[Source material]
------------------------------
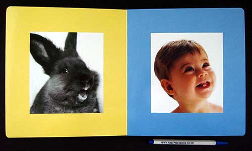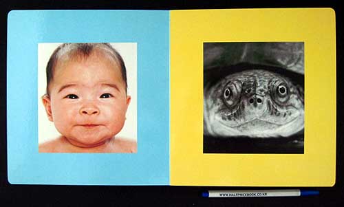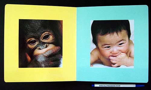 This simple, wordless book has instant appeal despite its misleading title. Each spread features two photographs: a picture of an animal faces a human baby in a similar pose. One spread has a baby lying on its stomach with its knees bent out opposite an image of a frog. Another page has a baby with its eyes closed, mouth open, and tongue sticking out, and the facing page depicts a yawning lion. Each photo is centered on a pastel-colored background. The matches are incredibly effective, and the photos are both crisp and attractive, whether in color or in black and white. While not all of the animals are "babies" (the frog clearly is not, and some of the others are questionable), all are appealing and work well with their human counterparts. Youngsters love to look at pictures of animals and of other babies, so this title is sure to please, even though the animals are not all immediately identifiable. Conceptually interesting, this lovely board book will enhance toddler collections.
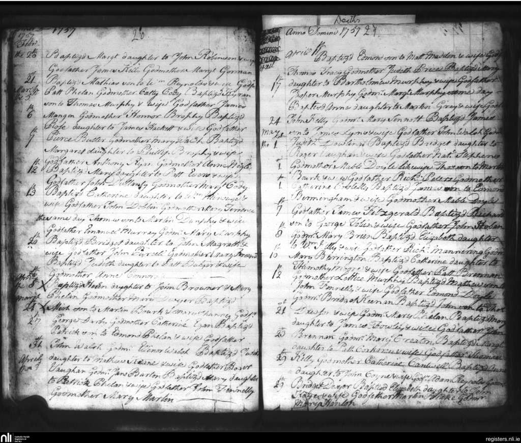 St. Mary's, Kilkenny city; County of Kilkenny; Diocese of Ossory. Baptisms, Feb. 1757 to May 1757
------------------------------
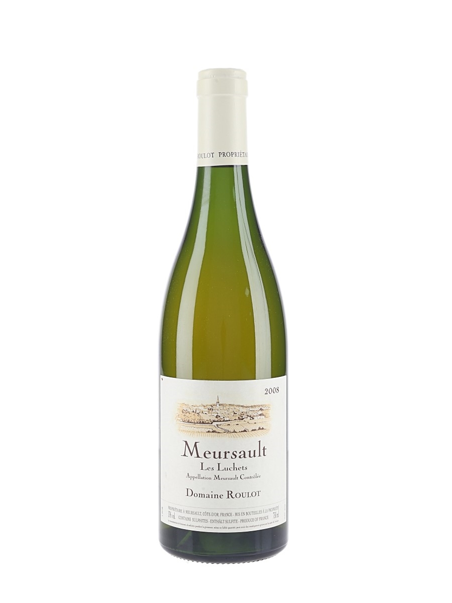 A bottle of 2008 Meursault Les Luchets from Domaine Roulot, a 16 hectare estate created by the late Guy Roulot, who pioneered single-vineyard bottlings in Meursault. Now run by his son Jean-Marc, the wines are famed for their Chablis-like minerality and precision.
------------------------------
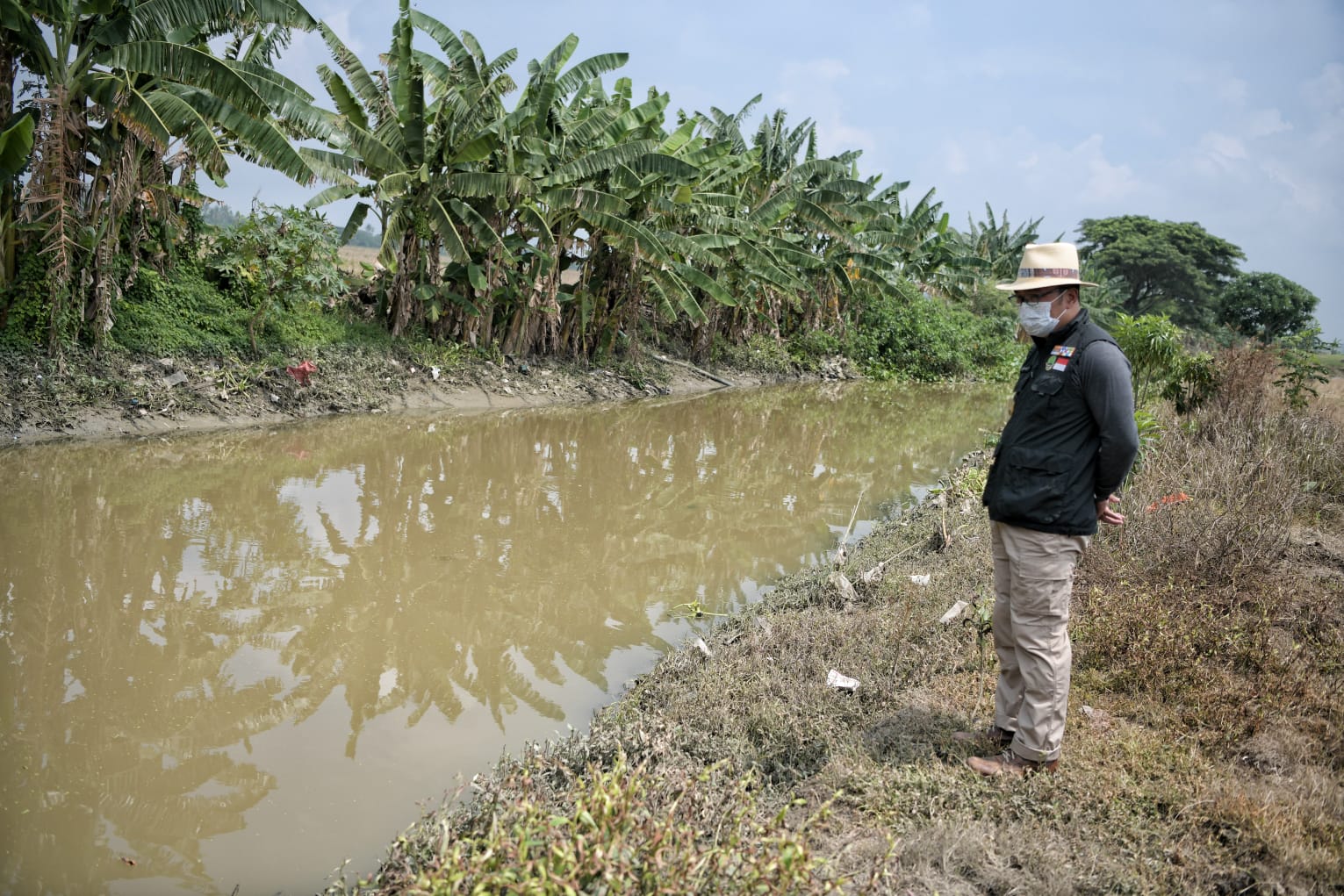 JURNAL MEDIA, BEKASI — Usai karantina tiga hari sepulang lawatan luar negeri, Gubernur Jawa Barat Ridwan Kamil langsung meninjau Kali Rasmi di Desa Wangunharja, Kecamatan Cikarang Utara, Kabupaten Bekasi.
------------------------------
[Task requirements]
In the material above, which lines fall between the one holding "This simple, wordless" and the one holding "St. Mary's, Kilkenny", inclusive? Print exactly those, with the pictures left out.

[Task answer]
 This simple, wordless book has instant appeal despite its misleading title. Each spread features two photographs: a picture of an animal faces a human baby in a similar pose. One spread has a baby lying on its stomach with its knees bent out opposite an image of a frog. Another page has a baby with its eyes closed, mouth open, and tongue sticking out, and the facing page depicts a yawning lion. Each photo is centered on a pastel-colored background. The matches are incredibly effective, and the photos are both crisp and attractive, whether in color or in black and white. While not all of the animals are "babies" (the frog clearly is not, and some of the others are questionable), all are appealing and work well with their human counterparts. Youngsters love to look at pictures of animals and of other babies, so this title is sure to please, even though the animals are not all immediately identifiable. Conceptually interesting, this lovely board book will enhance toddler collections.
 St. Mary's, Kilkenny city; County of Kilkenny; Diocese of Ossory. Baptisms, Feb. 1757 to May 1757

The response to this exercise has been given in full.